Activity: Leave out all images and set down the records exactly as given.

Excerpted records:
....................

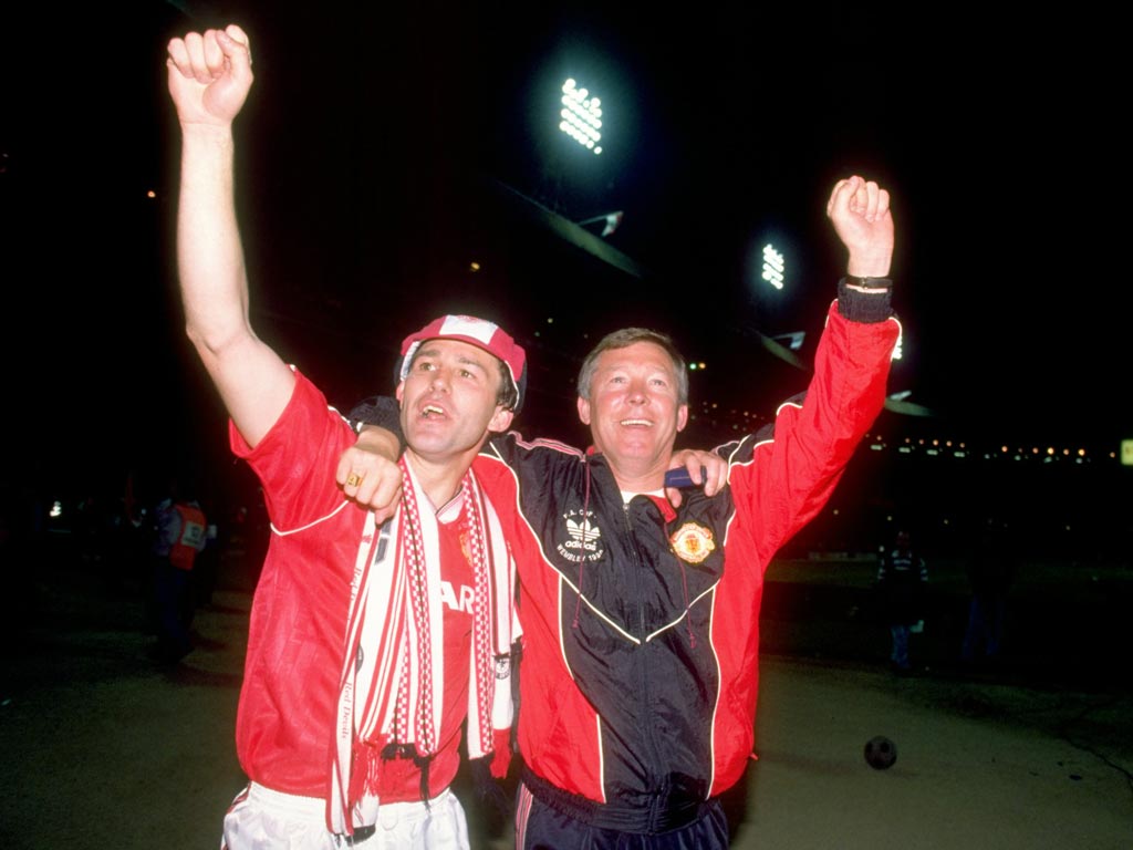 1990 — Wins first trophy at United, the FA Cup after a replay against Crystal Palace in the final.
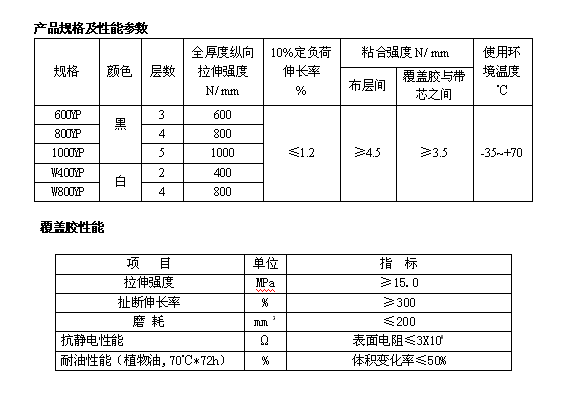 增強(qiáng)型橡膠提升帶技術(shù)指標(biāo):
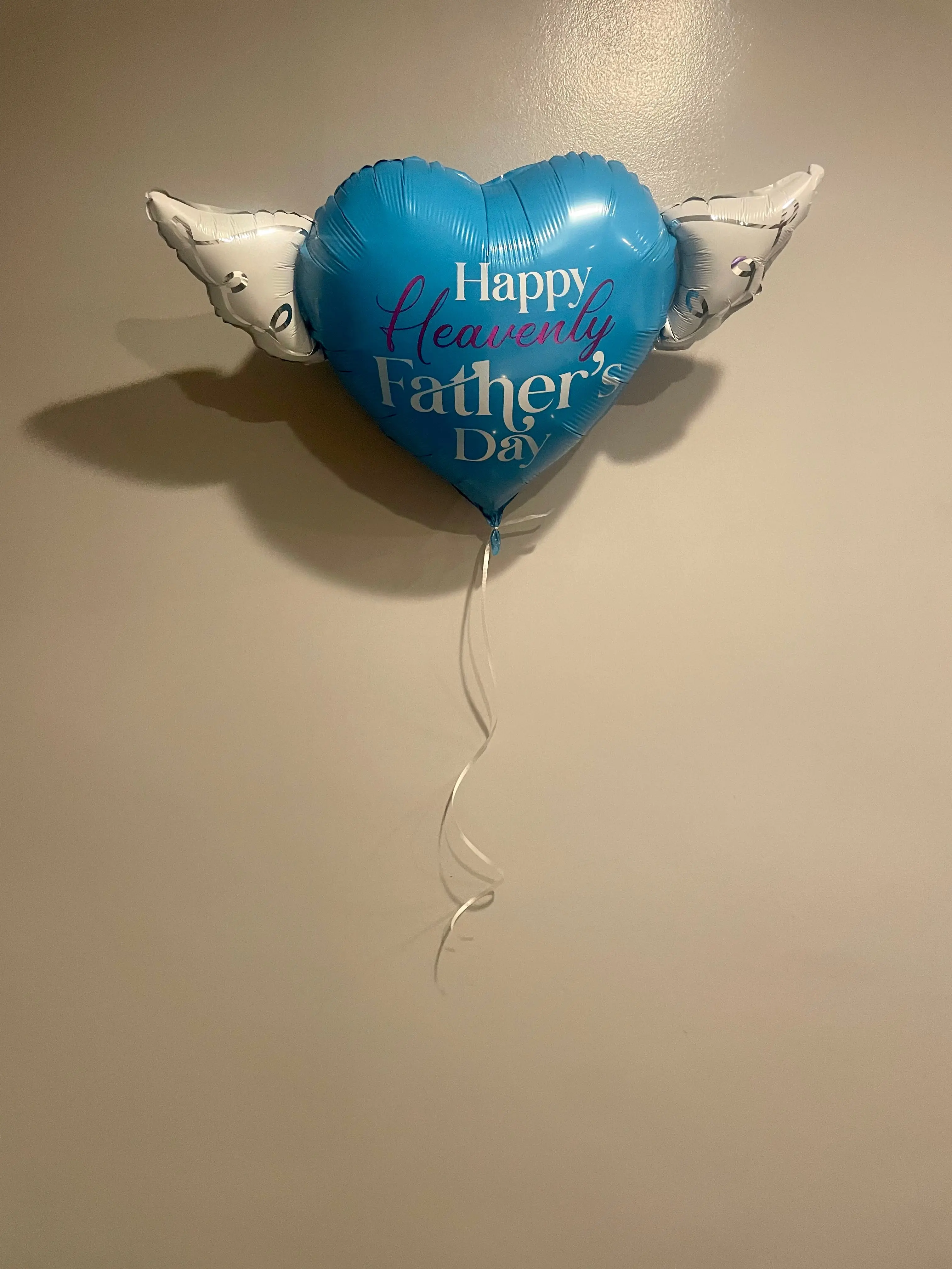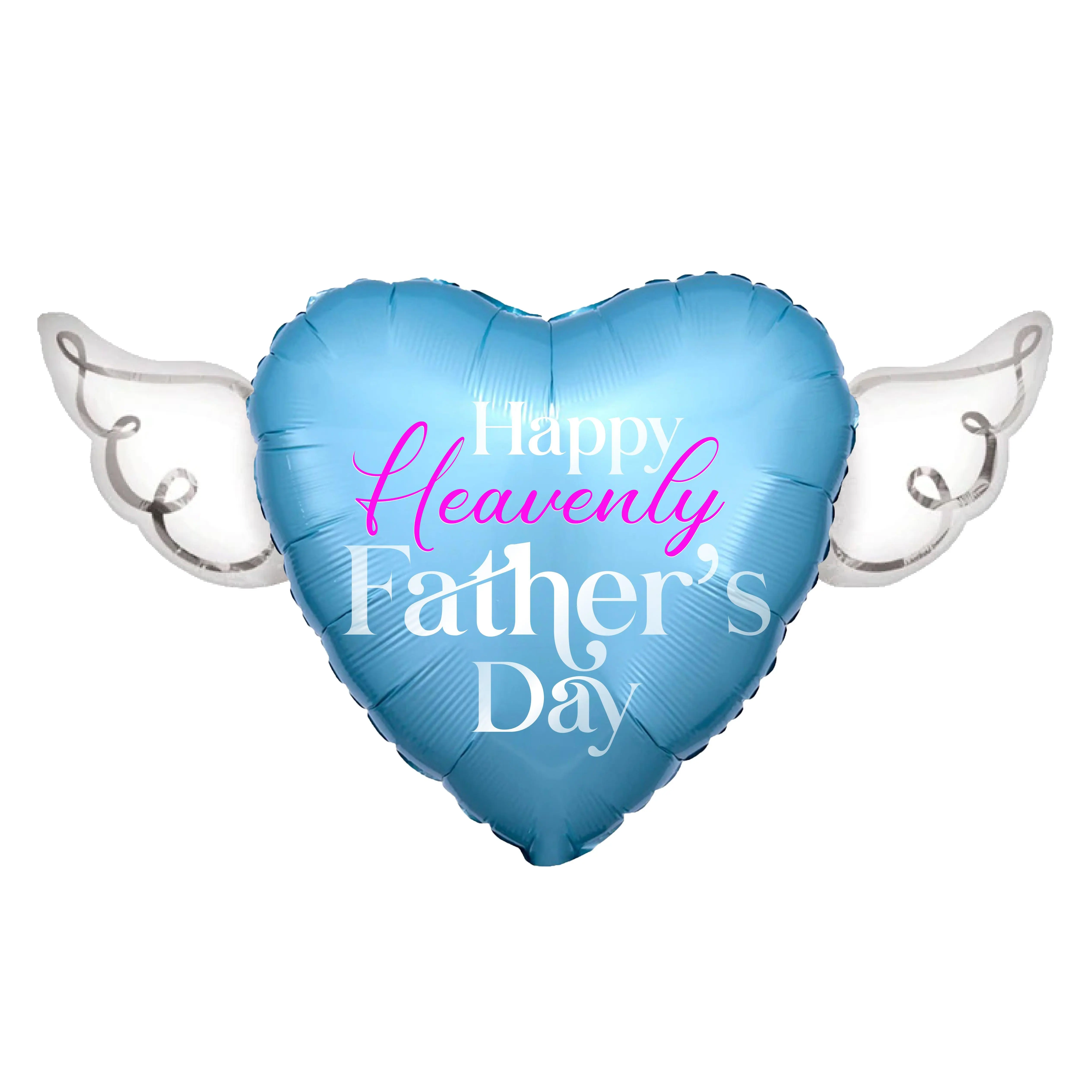 17" heart-shaped balloon with delicate white angel wings and a heartfelt "Happy Heavenly Father's Day" message — tender and deeply personal.
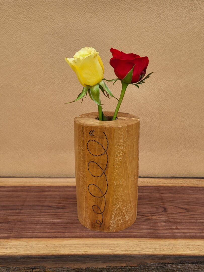 La forme conserve une base cylindrique, mais laisse apparaître une face volontairement plane. C’est sur cette surface que la pyrogravure vient s’exprimer : un motif délicat, tracé à la main, qui contraste avec la densité du bois. Le geste est visible, assumé, et donne à la pièce une dimension presque graphique.
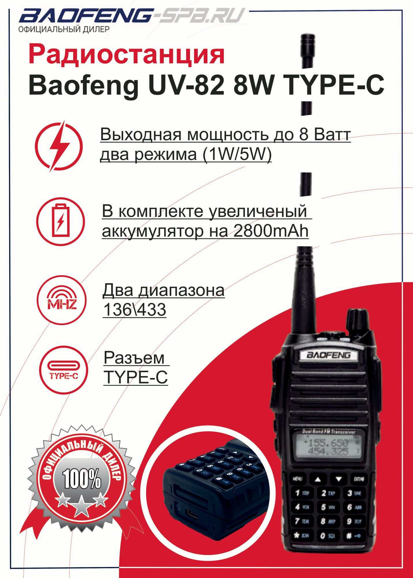Рация Baofeng UV-82 (8W) портативная, полупрофессиональная с антенной, TYPE-C
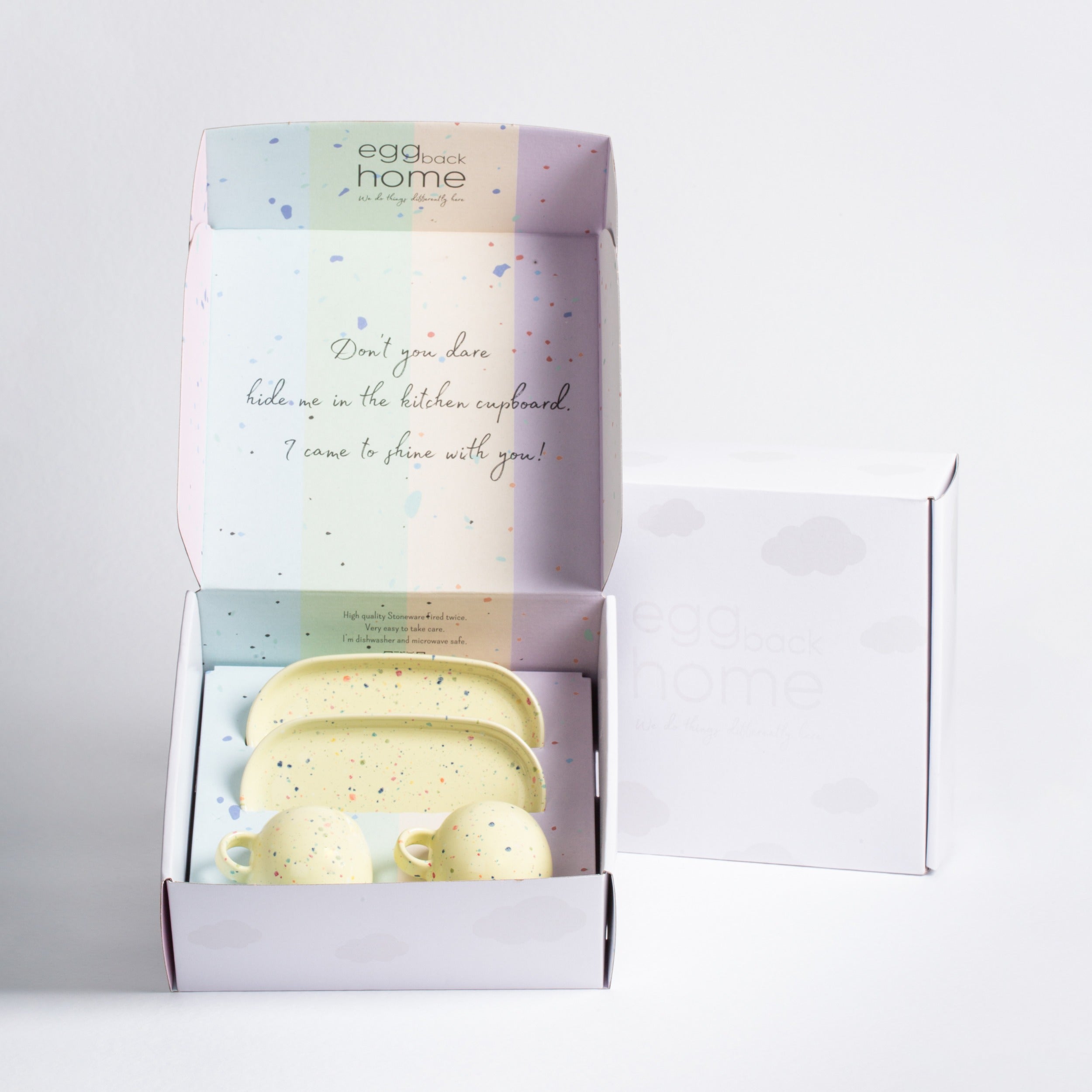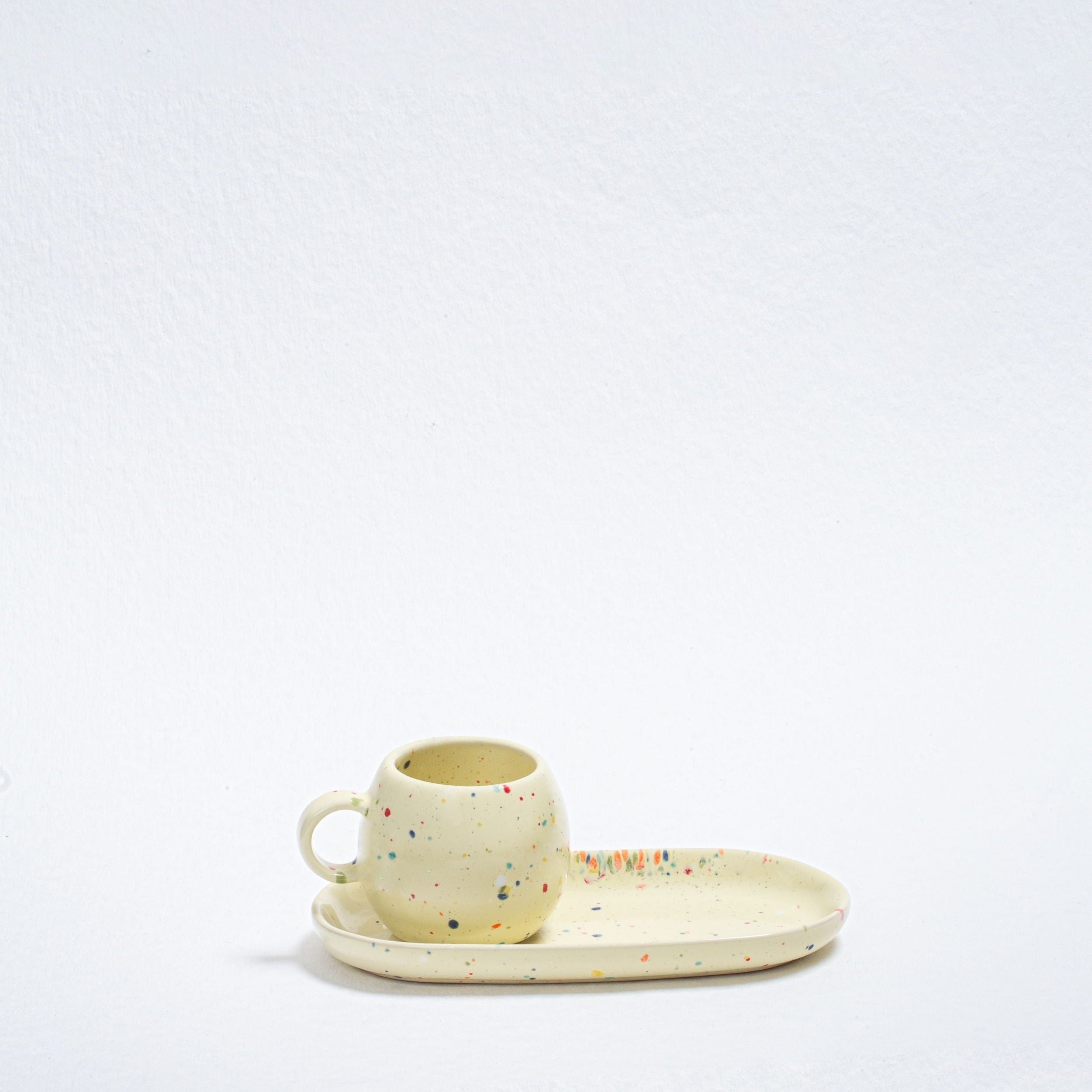 New Party Set 2 Espresso Mug + 2 Mini Tray - Yellow

....................

Task output:
 1990 — Wins first trophy at United, the FA Cup after a replay against Crystal Palace in the final.
 增強(qiáng)型橡膠提升帶技術(shù)指標(biāo):
 17" heart-shaped balloon with delicate white angel wings and a heartfelt "Happy Heavenly Father's Day" message — tender and deeply personal.
 La forme conserve une base cylindrique, mais laisse apparaître une face volontairement plane. C’est sur cette surface que la pyrogravure vient s’exprimer : un motif délicat, tracé à la main, qui contraste avec la densité du bois. Le geste est visible, assumé, et donne à la pièce une dimension presque graphique.
Рация Baofeng UV-82 (8W) портативная, полупрофессиональная с антенной, TYPE-C
 New Party Set 2 Espresso Mug + 2 Mini Tray - Yellow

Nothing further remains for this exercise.